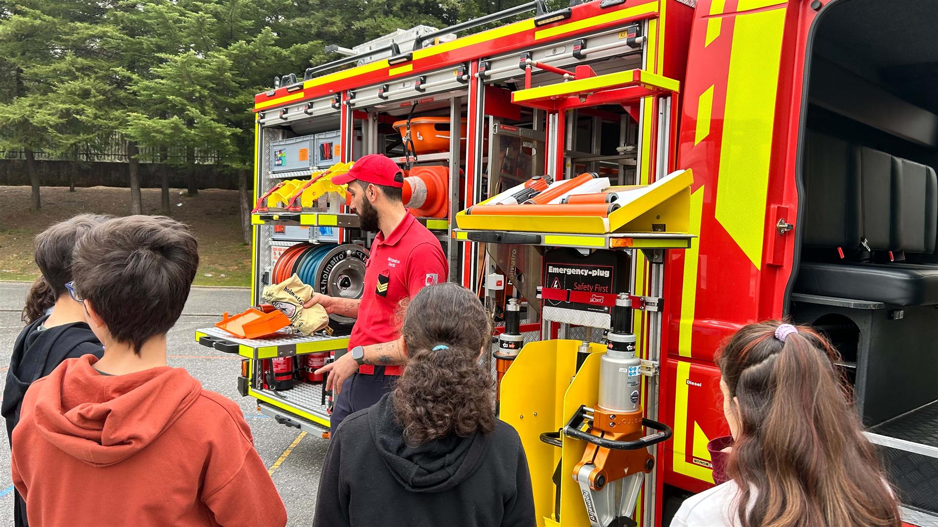 Os alunos tiveram a oportunidade de interagir com os bombeiros, ver e experimentar os diferentes equipamentos de socorro e equipamento de proteção individual dos bombeiros voluntários. Entre os veículos expostos estiveram: Veículo de Socorro e Assistência Especial, Veículo Rural de Combate a Incêndios, Ambulância de Socorro e Veículo de Planeamento, Comando e Comunicações da Autoridade Nacional de Emergência e Proteção Civil do Comando Castelo Branco.
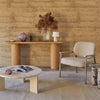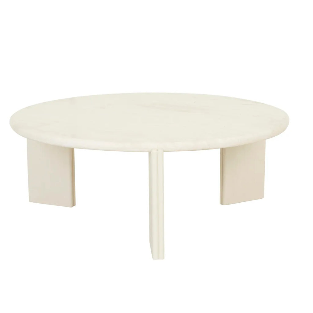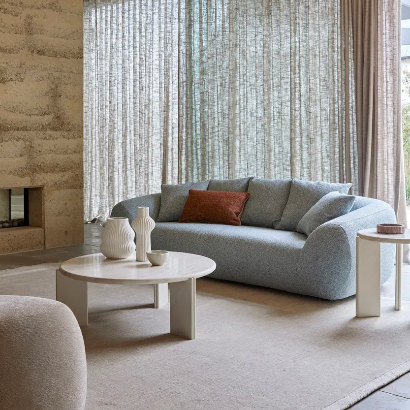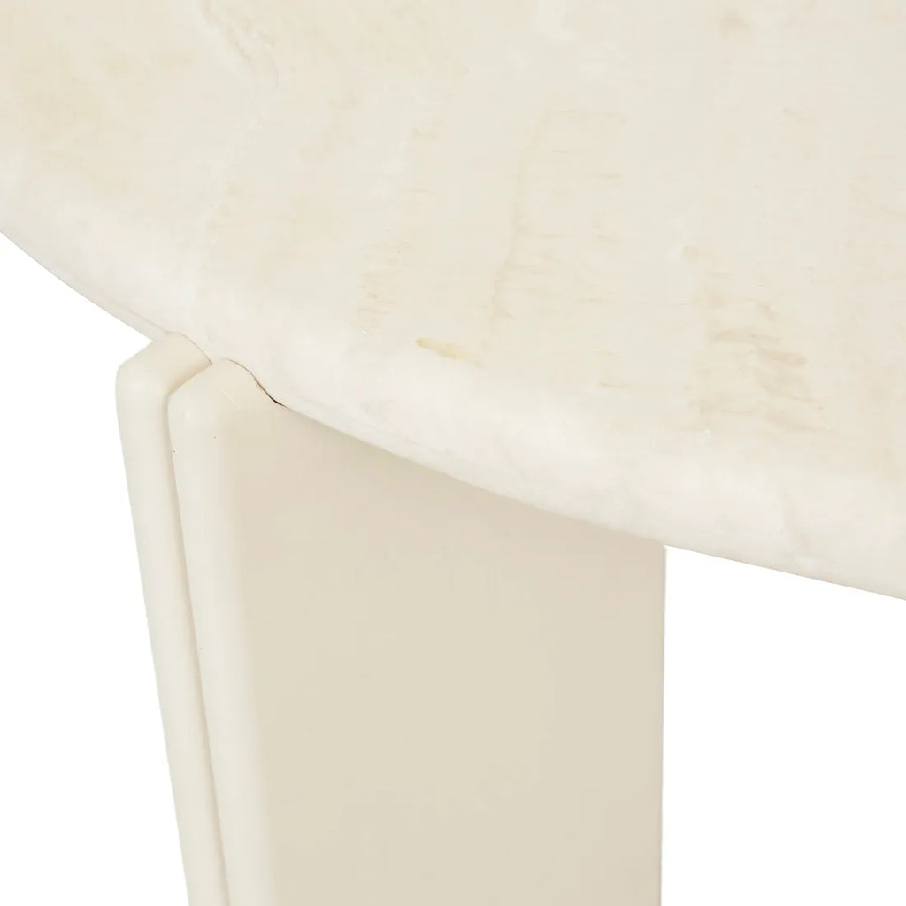 The Ray Marble Coffee Table in Natural Travertine blends simplicity with softness for a timeless yet contemporary look. Its travertine top is inset into a layered tri-leg frame, while double-bullnose profiles enhance its smooth yet textural appeal. Finished with a tonal painted ash veneer frame, this sophisticated coffee table adds natural beauty and refined style to any space.
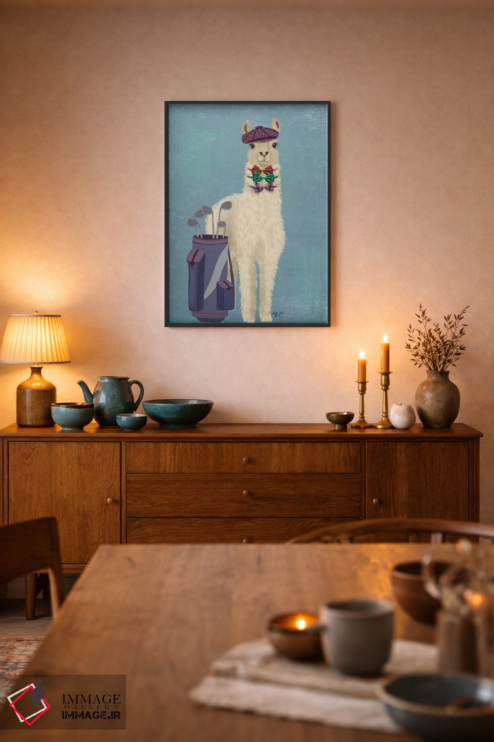 «لاما گلفباز» اثرِ «فب فانکی (استودیو هنری)» از آن کارهاییست که هم چشم را میگیرد، هم با چیدمانهای مختلف راحت ست میشود—بهخصوص در تم این اثر.
====
Task objective |
Apart from the pictures, the whole listing should be reproduced exactly.

Response to the task |
 Os alunos tiveram a oportunidade de interagir com os bombeiros, ver e experimentar os diferentes equipamentos de socorro e equipamento de proteção individual dos bombeiros voluntários. Entre os veículos expostos estiveram: Veículo de Socorro e Assistência Especial, Veículo Rural de Combate a Incêndios, Ambulância de Socorro e Veículo de Planeamento, Comando e Comunicações da Autoridade Nacional de Emergência e Proteção Civil do Comando Castelo Branco.
 The Ray Marble Coffee Table in Natural Travertine blends simplicity with softness for a timeless yet contemporary look. Its travertine top is inset into a layered tri-leg frame, while double-bullnose profiles enhance its smooth yet textural appeal. Finished with a tonal painted ash veneer frame, this sophisticated coffee table adds natural beauty and refined style to any space.
 «لاما گلفباز» اثرِ «فب فانکی (استودیو هنری)» از آن کارهاییست که هم چشم را میگیرد، هم با چیدمانهای مختلف راحت ست میشود—بهخصوص در تم این اثر.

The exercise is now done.